Recorded data
────────────────────────────────────────

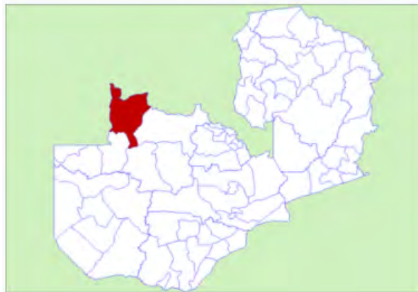
Fig. 1. Location of Mwinilunga District in Zambia

but wars, bad road conditions and various trade policies between the countries have so far prevented this. Zengamina is a small hydroelectric power generation plant near Kalene Hill in Mwinilunga (Peša, 2013).
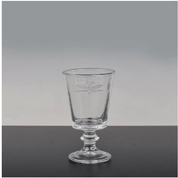
candle holder glass stemmed
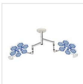
MS-BETA 126+126 LED Surgical Lights
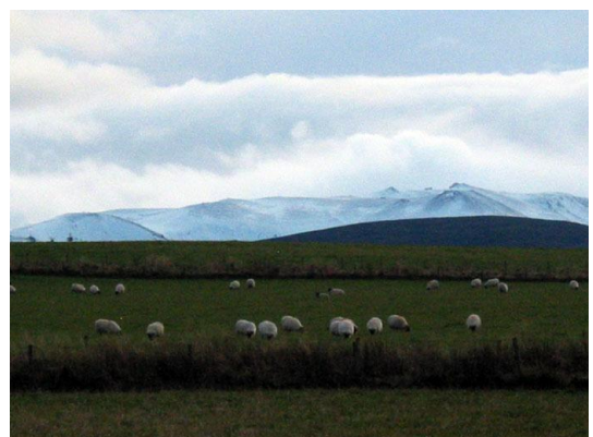
Views of the tops of high mountains appearing over the edge of this elevated valley
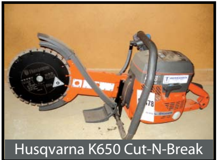
Husqvarna K650 Cut-N-Break
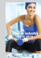
Каталог Фитнес индустрия

────────────────────────────────────────

Exercise aim:
Beginning at the line that contains "Husqvarna K650 Cut-N-Break", give the remaining lines of the records again exactly, through the last one. Leave out pictures.

Answer below:
Husqvarna K650 Cut-N-Break
Каталог Фитнес индустрия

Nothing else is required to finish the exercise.